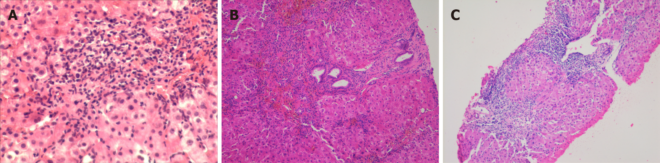 A: A 55-year-old male developed drug-induced autoimmune-like hepatitis (DI-ALH) following treatment with cyproterone acetate. Liver histology demonstrated intense lymphoplasmacytic inflammatory infiltrates and marked interface hepatitis. The patient was treated with corticosteroids for one year, achieving sustained biochemical remission. No relapse was observed during a two-year follow-up period after therapy discontinuation of therapy; B: A 70-year-old female developed DI-ALH following two years of nitrofurantoin therapy. Liver histology showed intense lymphoplasmacytic inflammatory infiltrates, bridging fibrosis, and early parenchymal nodularity. The patient was treated with corticosteroids for six months, achieving sustained biochemical remission. No relapse occurred during a three-year follow-up period after therapy discontinuation; C: A 68-year-old male developed DI-ALH following treatment with levofloxacin. Histological examination of the liver revealed findings consistent with active liver cirrhosis, characterized by intense lymphoplasmacytic inflammatory infiltrates and interface hepatitis. The patient was treated with a combination of corticosteroids and azathioprine for one year, resulting in sustained biochemical remission. No relapse was observed during a four-year follow-up period after therapy discontinuation.
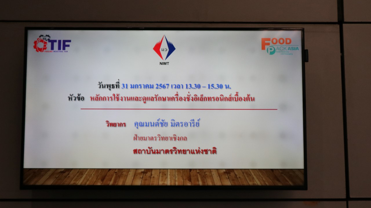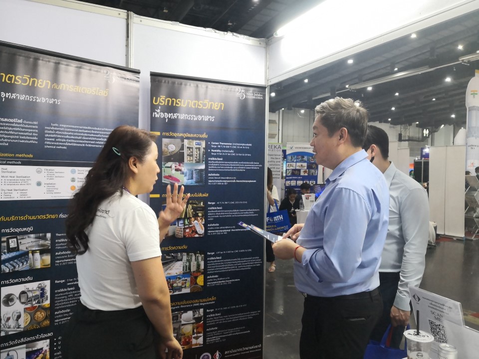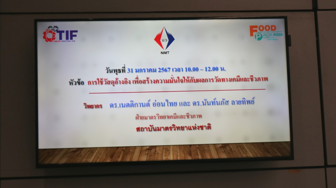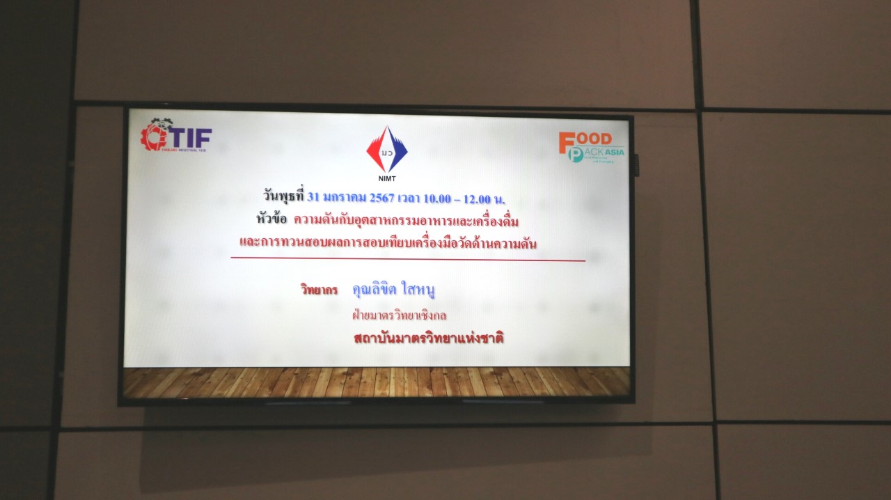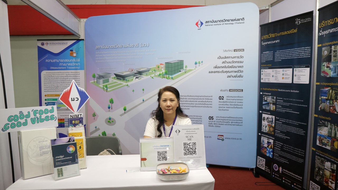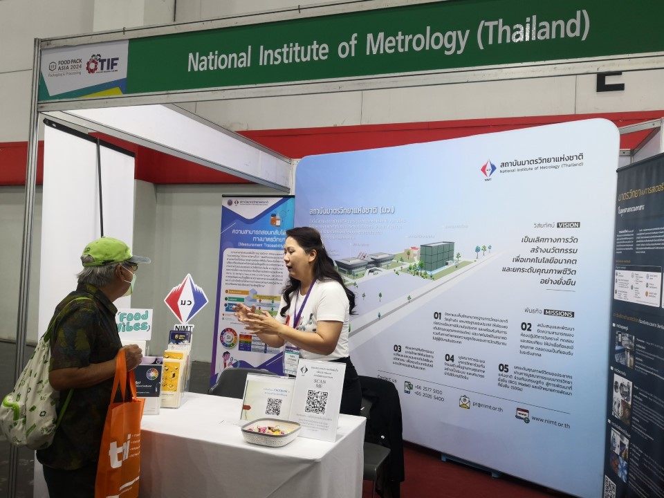 สถาบันมาตรวิทยาแห่งชาติ (มว.) เข้าร่วมการจัดนิทรรศการในงาน TIF & Food Pack Asia 2024 ที่เป็นงานแสดงเทคโนโลยี เครื่องจักร เครื่องมือ อุปกรณ์เครื่องใช้ การบริการเพื่ออุตสาหกรรมการผลิต นวัตกรรม สินค้าและบริการด้านโลจิสติกส์ครบวงจร รวมทั้งการแสดงเทคโนโลยีและนวัตกรรมสำหรับอุตสาหกรรมอาหารและเครื่องดื่ม โดย มว.ได้นำเสนอนิทรรศการความรู้ด้านมาตรวิทยา เรื่อง มาตรวิทยา.. กับการสเตอริไลซ์ในอุตสาหกรรมอาหาร และบริการมาตรวิทยา…เพื่ออุตสาหกรรมอาหาร นอกจากนี้ยังได้แนะนำงานบริการต่างๆของสถาบัน รวมไปถึงประชาสัมพันธ์ช่องทางการติดต่อสื่อสารระหว่างสถาบันกับผู้ใช้บริการให้สามารถเชื่อมต่อถึงกันได้สะดวกมากขึ้น อาทิ website, facebook, Youtube, Instragram Tiktok เป็นต้น
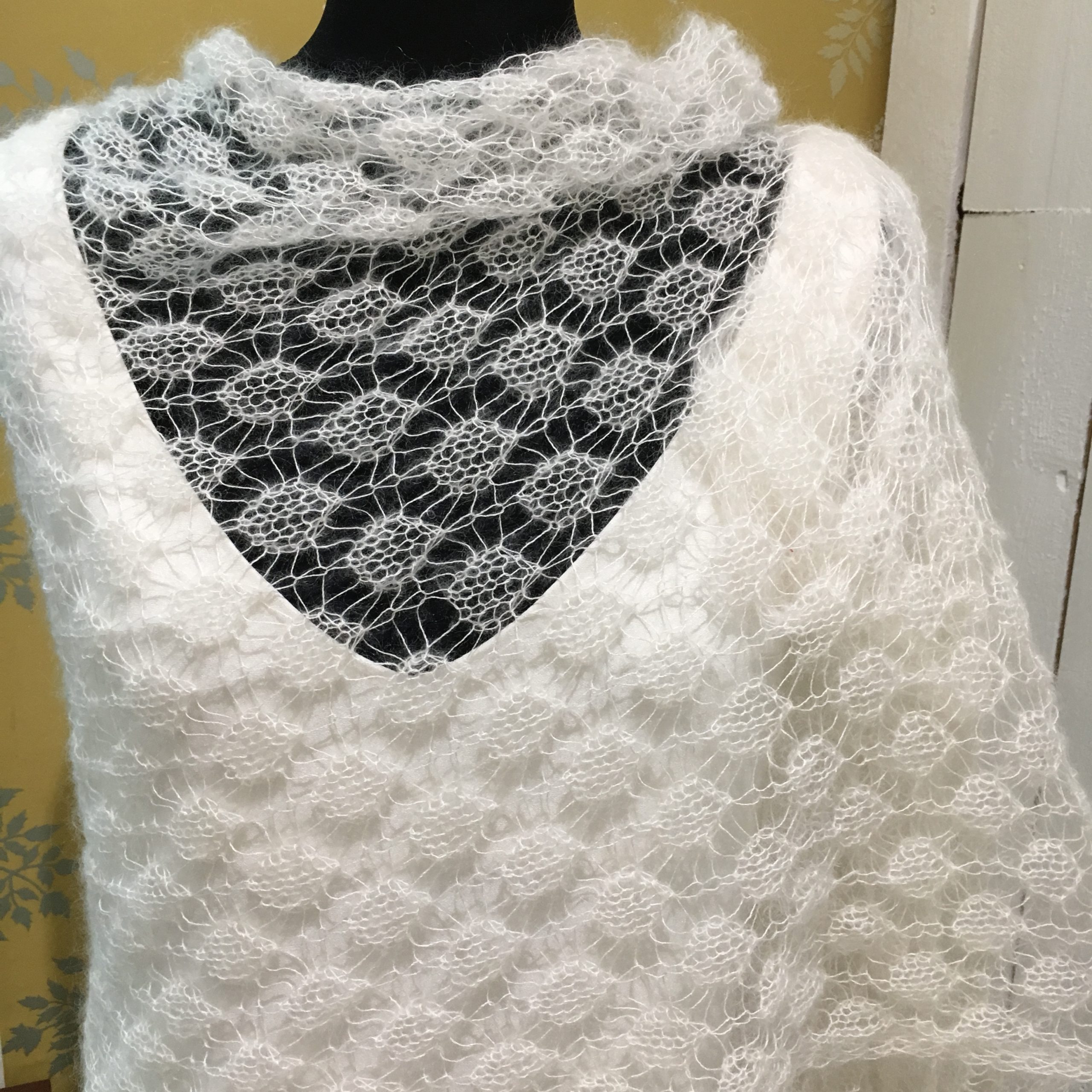 Cette magnifique étole ajourée en super kid mohair(55%) et soie naturelle(45%) tricotée avec notre fil mohair et soie le plus fin, se porte à merveille sur une robe de soirée ou de mariage, ou tout simplement en écharpe grâce à son extrême finesse.

_What to do_
Pictures excluded, copy exactly the lines running from the one with "สถาบันมาตรวิทยาแห่งชาติ (มว.) เข้าร่วมการจัดนิทรรศการในงาน" through the last line of the material.

_Reply_
 สถาบันมาตรวิทยาแห่งชาติ (มว.) เข้าร่วมการจัดนิทรรศการในงาน TIF & Food Pack Asia 2024 ที่เป็นงานแสดงเทคโนโลยี เครื่องจักร เครื่องมือ อุปกรณ์เครื่องใช้ การบริการเพื่ออุตสาหกรรมการผลิต นวัตกรรม สินค้าและบริการด้านโลจิสติกส์ครบวงจร รวมทั้งการแสดงเทคโนโลยีและนวัตกรรมสำหรับอุตสาหกรรมอาหารและเครื่องดื่ม โดย มว.ได้นำเสนอนิทรรศการความรู้ด้านมาตรวิทยา เรื่อง มาตรวิทยา.. กับการสเตอริไลซ์ในอุตสาหกรรมอาหาร และบริการมาตรวิทยา…เพื่ออุตสาหกรรมอาหาร นอกจากนี้ยังได้แนะนำงานบริการต่างๆของสถาบัน รวมไปถึงประชาสัมพันธ์ช่องทางการติดต่อสื่อสารระหว่างสถาบันกับผู้ใช้บริการให้สามารถเชื่อมต่อถึงกันได้สะดวกมากขึ้น อาทิ website, facebook, Youtube, Instragram Tiktok เป็นต้น
 Cette magnifique étole ajourée en super kid mohair(55%) et soie naturelle(45%) tricotée avec notre fil mohair et soie le plus fin, se porte à merveille sur une robe de soirée ou de mariage, ou tout simplement en écharpe grâce à son extrême finesse.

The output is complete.